Las azaleas no se ponen "celosas", sino que muestran estrés o deficiencias a través de síntomas como hojas amarillas, marchitas o con manchas, lo cual indica problemas con el riego (excesivo o insuficiente), pH del suelo inadecuado (demasiado alcalino), o falta de nutrientes como hierro y nitrógeno. Para evitar estos problemas, asegúrate de un riego correcto, un sustrato ácido (pH 4.5-5.5), un lugar con luz indirecta y una humedad ambiental adecuada.
Síntomas de estrés en tu azalea:
- Pueden indicar deficiencia de hierro debido a un pH del suelo demasiado alto, o falta de nutrientes como nitrógeno.
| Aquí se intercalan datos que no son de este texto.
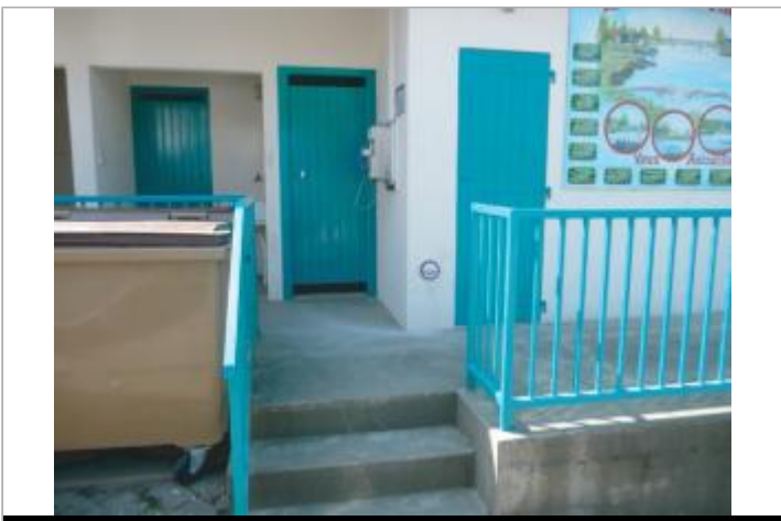
Local Sanitaire, Halte de Beslé

GÉOLOCALISATION Coordonnées WGS84 : X: -1.86716290 / Y: 47.70103400 Coordonnées RGF93 (Lambert 93) : X: 335192.53 / Y: 6744651.66 Coordonnées RGF93 (ETRS89) : X: -1.8671629 / Y: 47.701034 Code Hydro: J---0060 Rive de référence: Gauche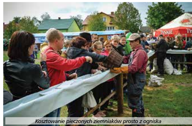
Kosztowanie pieczonych ziemniaków prosto z ogniska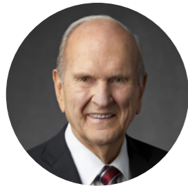
Presidentti Russell M. Nelson

Ilmoitus: viesti sinulle taivaalliselta Isältä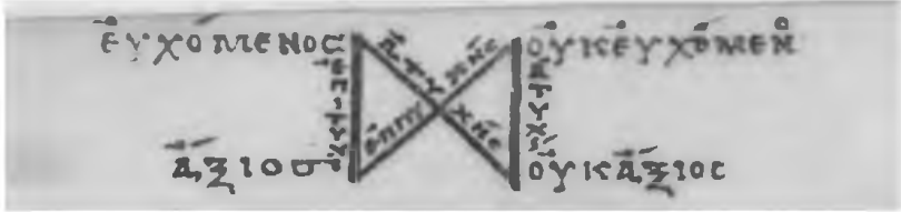
Abb. 1: BnF, Paris. gr. 1962, f. 36r, oberer Rand.

de. 92 Or. 5 ist eine der wenigen Vorlesungen in dieser Handschrift, die am oberen und unteren Rand mit Anmerkungen versehen ist, die Kernpunkte der Argumentation schematisierend zusammenfassen. 93 Die Diskussion über das Verhältnis von Würdigkeit und Gebetserhörung in § 3 wird hier in vertikale und diagonale Linien angeordnet, wobei die Voraussetzungen „betend“ / „nicht betend“ und „würdig“ / „nicht würdig“ um die Scheitelpunkte herum angeordnet sind, und das jeweilige Ergebnis „erfolgreich“ / „nicht erfolgreich“ an den Verbindungslinien steht. 94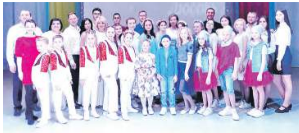
Постоянные участники концерта давно стали большой и дружной семьей.

Евгения ХВОРОСТИНИНА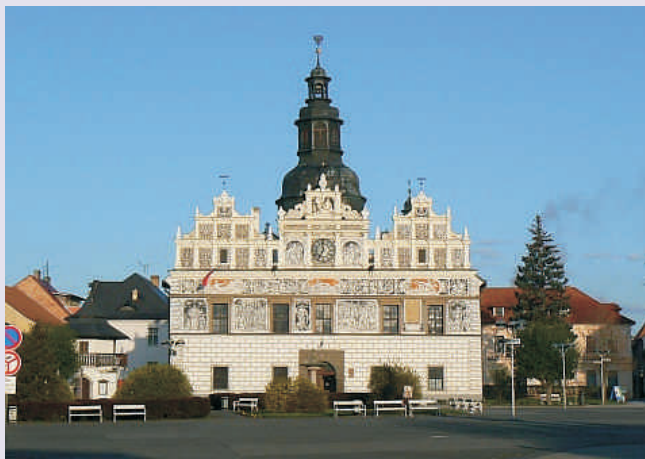
Budova radnice ve Stříbrě

V letech 2004 – 2006 realizovala MAS Český Západ – Místní partnerství celkem čtyři programy na principech iniciativy LEADER a to: LEADER ČR 2004, 2006 a LEADER+. Obsahem nejzajímavější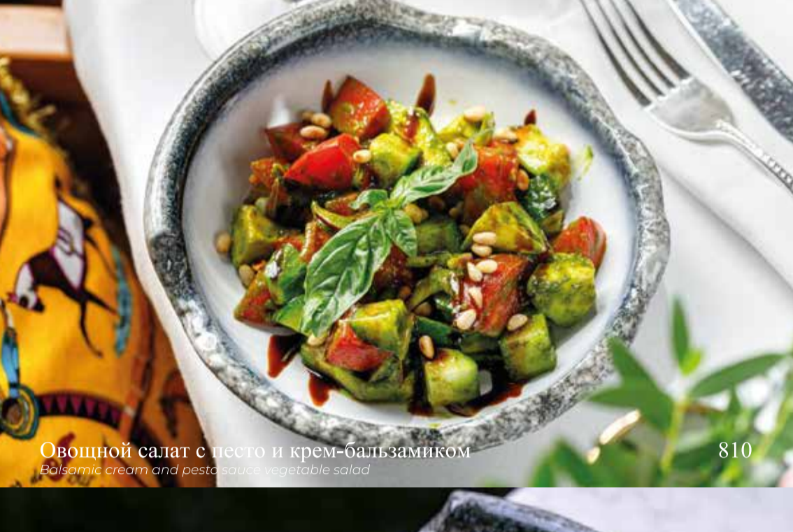
Овощной салат с песто и крем-бальзамиком

Balsamic cream and pesto sauce vegetable salad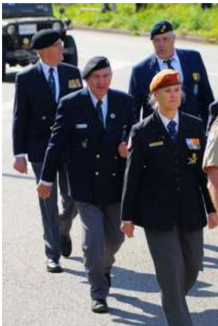
Defilé Wageningen 2019

Enige indrukken van festiviteiten bij de PAM;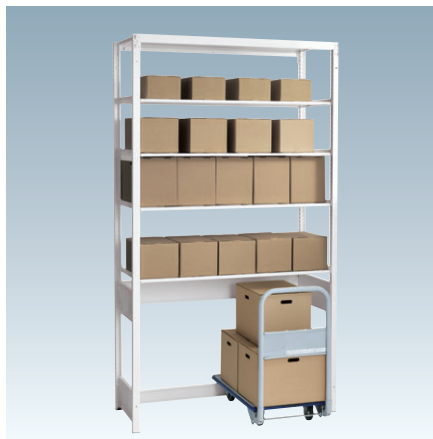
※抗菌剤は含まれていません。

- Es una señal de alerta de que la planta no recibe o no puede absorber agua o nutrientes suficientes, a menudo por problemas de riego.
- Manchas negras o marrones pueden ser indicio de enfermedades fúngicas o la presencia de plagas, como ácaros o chinches.
Cuidados para una azalea sana:
- Las azaleas necesitan un suelo con un pH entre 4.5 y 5.5. Si el agua o el suelo son alcalinos, puedes corregirlo añadiendo algo de vinagre al agua de riego o utilizando posos de café.
- Evita tanto el exceso como la falta de agua. Las hojas marchitas tras el riego pueden indicar problemas de agua. Si el riego no es suficiente, riega más frecuentemente.
- Coloca tu azalea en un lugar con luz indirecta o semisombra, ya que el sol directo puede quemar las hojas y flores.
- Las azaleas disfrutan de ambientes húmedos, así que puedes colocar un plato con agua cerca de la planta (retirando el agua acumulada para evitar la pudrición de las raíces) o pulverizar agua sobre las hojas.
- Si observas amarillamiento de las hojas, puede ser una deficiencia de hierro o nitrógeno. Aplica fertilizantes con estos nutrientes para corregirlo.